Мы живы так, как будто жизнь согласна,
Чтоб мы, войдя, остались насовсем —
Без перемен, без спешки и соблазна
Жить безнадёжно и любить напрасно.
– Но по-другому, – скажешь ты, – зачем?
И потому, предчувствием тревожа,
Когда тревога глубже и длинней,
Жизнь понесёт, натягивая вожжи.
Любовь? – Не знаю, кажется, похоже.
Расстанемся, не говоря о ней.
Потом мне будет просто и устало
В прошедшем говорить «любимый мой…».
И разлучила жизнь, и расхлестала.
Теперь из жизни той, как прочь с вокзала,
Где глянут понимающе – «домой».
Вот улыбка – лодочка, челн
В страны, где в пыли босиком
Жизнь ветхозаветнее, чем
Глиняный кувшин с молоком.
В домике молчанье плывёт,
Словно запах хлеба с огня.
Сонный день, струящийся мёд,
Подержи в ладонях меня
В двух витках от мёртвой петли,
В двух глотках от мёрзлой земли,
В детском сне, детсада окне,
Где рукою сын машет мне.
Помню жизнь на запах и вкус.
Помню и запомнить боюсь
Дым табачный, рот в молоке,
Вечные, как жизнь в мотыльке…
Замолчала река, пряча тайны свои в зазеркалье,
И ветра не зовут, лишь меня продувают насквозь.

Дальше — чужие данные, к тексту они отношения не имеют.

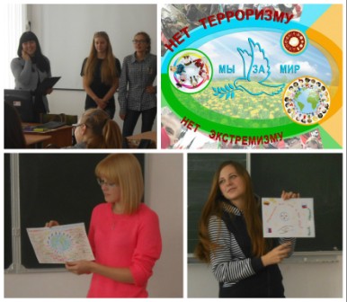 В течение октября 2016г. в Славгородском педагогическом колледже проводилась активная работа по профилактике экстремизма среди студентов нового набора. Учащиеся посетили психологические занятия «Толерантность – путь к здоровому обществу» и «Я не такой, как все и все мы - разные», проводимые психологом колледжа и сотрудником отдела психологической поддержки студенческого центра «Доверие» студенткой 4 курса Коваленко Яной. В ходе мероприятий студенты расширили круг своих знаний относительно содержания понятия «толерантность», её необходимости для развития полноценного общества и успешного осуществления профессиональной педагогической деятельности. Также первокурсники познакомились с понятием «интолерантность», основными формами её проявления, в том числе с экстремизмом – как опасном явлении, существующем в современном мире. Студенты принимали активное участие в обсуждении проблемы развития толерантности людей как способа борьбы с экстремизмом; анализировали свою индивидуальность, уровень собственной толерантности и способы её развития; выражали в творческой форме своё понимание проблемы, работая над созданием логотипа и слогана толерантности. Как отметили сами студенты, посещение данных мероприятий помогло им серьёзно задуматься над проблемой экстремизма и интолерантности в молодёжной среде, осознать необходимость воспитания в себе толерантной личности.

И живут во мне думы – древней, чем рисунки наскальные,
Ну, а сердце неопытно, будто вот-вот родилось.
…Мама, ты и не знаешь, я втайне тебе обещала
Быть счастливой, чтоб ты никогда не жалела меня.
Что ж я делаю здесь и куда я бреду одичало,
На ветра в своём сердце советы твои разменяв?
Я не странник ещё на дорогах, от мудрости чёрных,
И слаба моя вера, и холодно мне на ветру.
Я ещё не из этих, потерянных и посвящённых,
Но в своём обещанье я вру тебе, милая, вру…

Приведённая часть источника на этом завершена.